5. Adapte Edilmiş Fiziksel Aktivite Kavramına Dair Bilgi Düzeyi

Uygulama öncesinde "adapte edilmiş fiziksel aktivite" kavramına dair bilgi düzeyinin oldukça sınırlı olduğu belirlenmiştir. Öğrenciler kavramı genellikle yalnızca “özel gereksinimli bireyler için uygunlaştırılmış hareketler” olarak tanımlamışlardır. Ancak uygulama sonrasında bu kavramı daha teknik ve işlevsel bir dille açıklayabildikleri; bireyin engel türüne göre programın nasıl yapılandırılması gerektiğine dair örnekler verdikleri görülmüştür. Bu durum, uygulamanın kavramsal öğrenmeye olan katkısını açıkça ortaya koymaktadır.

6. Karşılaşılan Zorluklara Yönelik Algı Değişimi

Uygulama öncesinde öğrenciler, özel gereksinimli bireylerin fiziksel aktivite süreçlerinde karşılaşabilecekleri zorlukları daha çok fiziksel sınırlılıklar (örneğin hareket kısıtlılığı, işitme-görme engeli) bağlamında ele almışlardır. Ancak uygulama sonrasında özellikle zihinsel yetersizlik, dikkat eksikliği ve sosyal etkileşim güçlükleri gibi bilişsel ve davranışsal engellerin de süreci zorlaştırabileceğini ifade etmişlerdir. Öğrencilerin gözlem yaparak, engel türlerinin uygulama üzerindeki etkilerini somutlaştırmaları bu değişimi desteklemiştir.

7. Gözlem Becerileri ve Analitik Yaklaşım

Uygulama süresince öğrencilerin yalnızca etkinliklere katılmakla kalmayıp, özel gereksinimli bireylerin davranışlarını ve katılım düzeylerini ayrıntılı biçimde gözlemledikleri anlaşılmaktadır.
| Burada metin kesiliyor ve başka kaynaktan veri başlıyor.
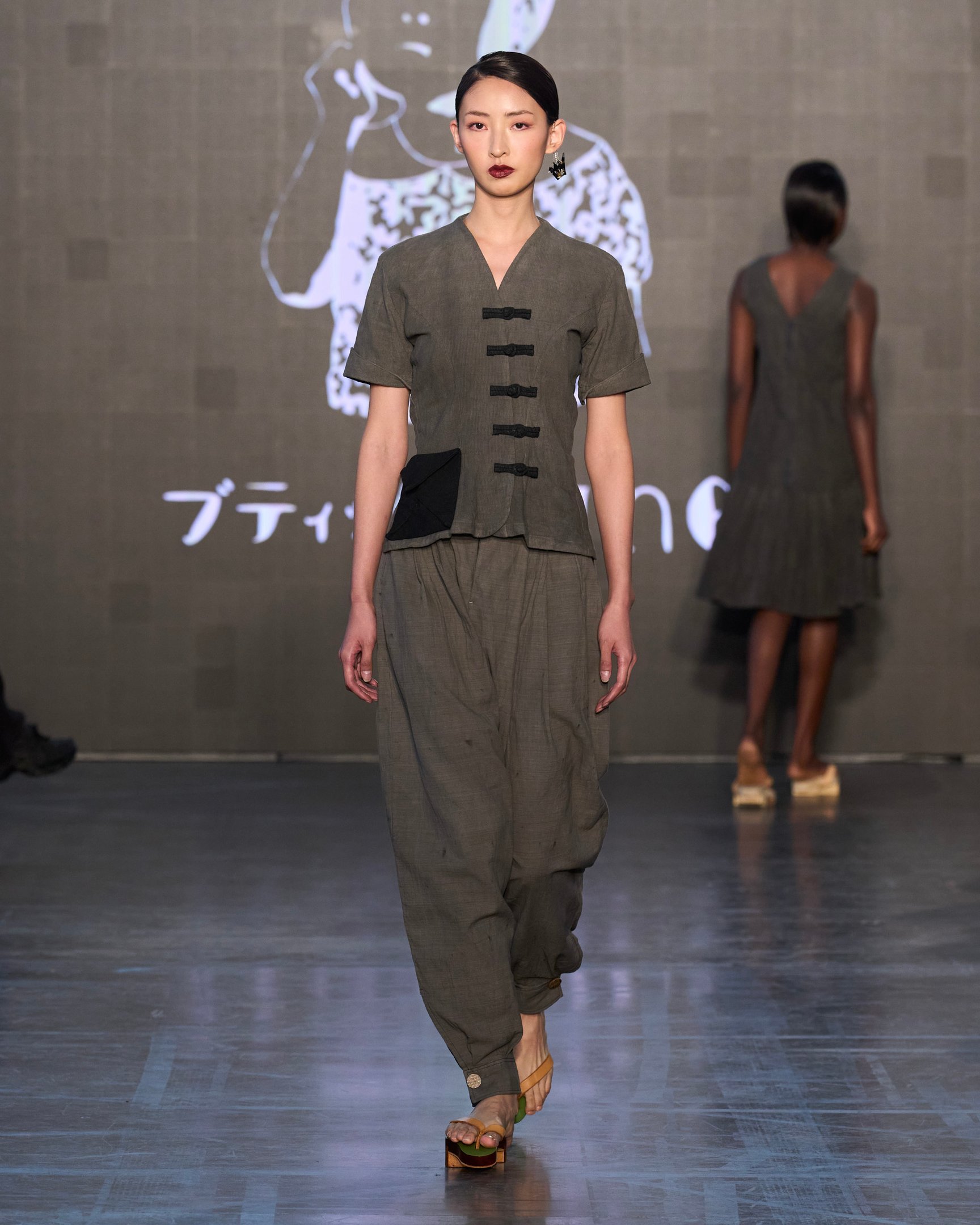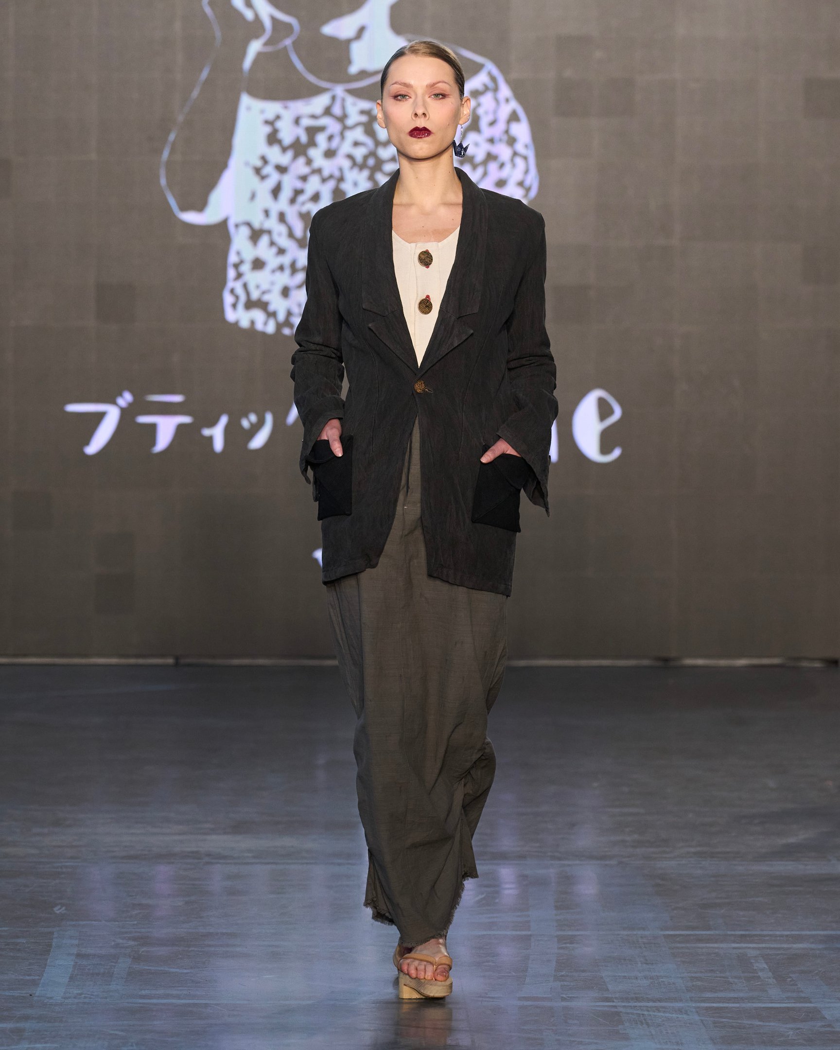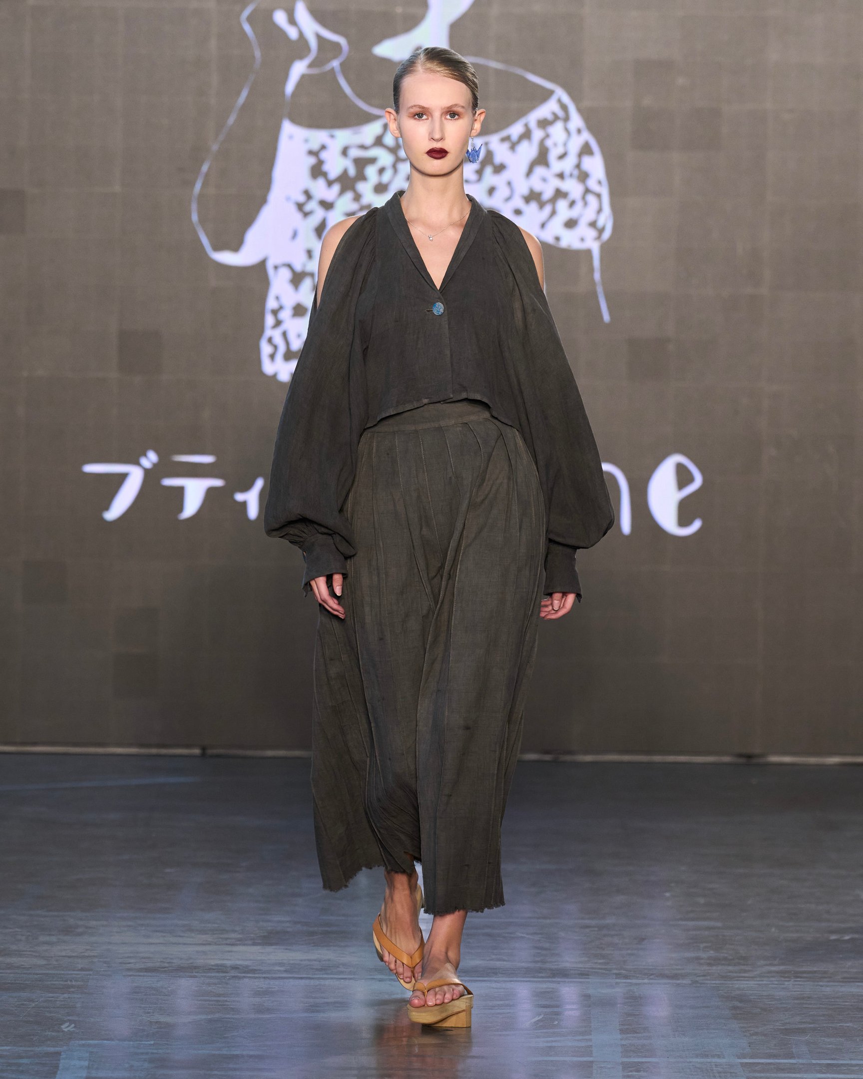 日本発ブランド、ブティック・ジューンが発表した「Light and Shadow」は、ホタ織の生地に水墨画のような深みのある墨染めを施し、光と影が交錯する奥行きを描いたコレクション。手織りならではの不均一な表情や、染めの濃淡が生む陰影、漆ボタンや立体的な縫製には、職人の手仕事と素材の生命力が滲む。伝統技術と現代の感性が交わる日本の美意識は、控えめな色調ながらもパリのランウェイに確かな存在感を示した。

Bu gözlemler doğrultusunda, bireyin sahip olduğu engelin günlük yaşam ve aktivite üzerindeki etkilerine yönelik çıkarımlarda bulundukları, gözlem verilerini yorumlayarak çözüm önerileri sundukları görülmüştür. Bu durum öğrencilerin analitik düşünme ve gözleme dayalı değerlendirme becerilerinde gelişim olduğunu ortaya koymaktadır.

8. Beklentiler ve Tatmin Düzeyi

Etkinlik öncesi öğrenci beklentilerinin çoğunlukla özel gereksinimli bireyleri tanımak ve onları daha iyi anlamaya yönelik olduğu tespit edilmiştir. Uygulama sonrasında ise öğrencilerin bu beklentilerinin büyük ölçüde karşılandığı, doğrudan temasın ve etkileşimin etkili bir öğrenme süreci yarattığı ifade edilmiştir. Bu deneyimin, öğrencilerde kişisel farkındalık yaratmanın yanı sıra mesleki sorumluluk duygusunu da güçlendirdiği görülmektedir.
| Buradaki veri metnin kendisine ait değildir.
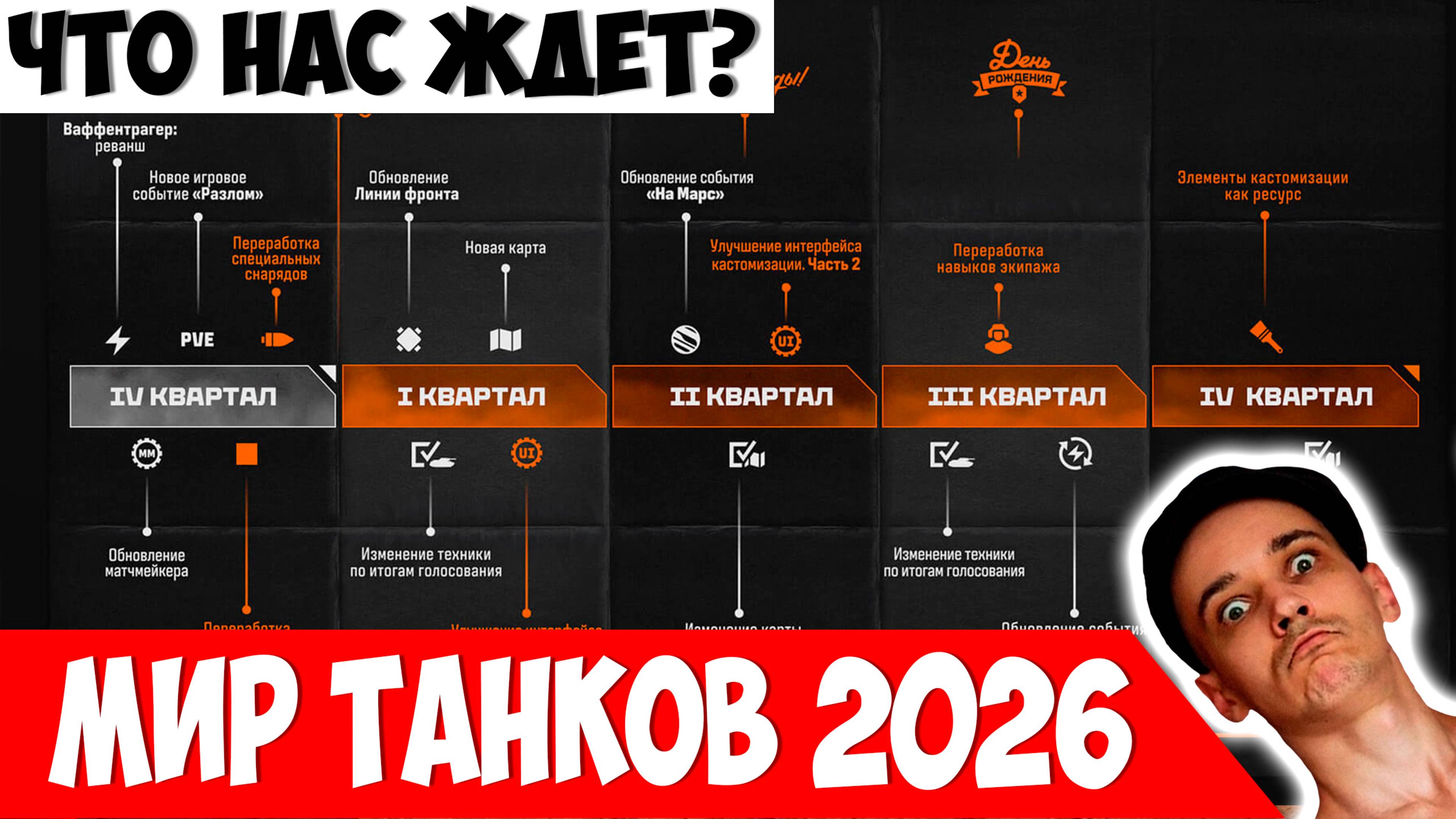 ✔️ Телеграм канал - https://t.me/vovakrasaba ✔️ Мой Дзен (статьи/видео) - https://dzen.ru/vovakrasabamirtankov ✔️ Стримы на ютуб - https://www.youtube.com/@vovakrasaba ✔️ Мой VKPlay - https://live.vkvideo.ru/vovakrasawa В этом ролике мы разберем Дорожную карту Мира танков на конец 2025 года и весь 2026 год. Будет очень много интересного, поэтому настоятельно рекомендую вам смотреть видео до конца. Разработчики хотят затронуть такие вещи, как: Событие Ваффентрагер, Событие "На Марс", Ребаланс танков, Ребаланс карт, изменение кастомизации техники и многое другое. Если ролик будет для вас полезен - буду рад лайку и подписке. Ну и не забывайте наливать чай/кофе перед просмотром.

Sonuç olarak, uygulama sürecinin sonunda öğrencilerde özel gereksinimli bireylere yönelik tutumun olumlu yönde geliştiği, empati duygusunun arttığı ve bu alana yönelik ilgilerinin/güdülenmelerinin güçlendiği belirlenmiştir. Bazı öğrenciler, bu deneyim sayesinde gelecekte adapte edilmiş fiziksel aktivite alanında uzmanlaşma yönünde motivasyon kazandıklarını ifade etmişlerdir. Bu durum, uygulama temelli öğrenmenin yalnızca bilgi düzeyini değil, duyuşsal boyutta da kalıcı etkiler yaratabildiğini göstermektedir.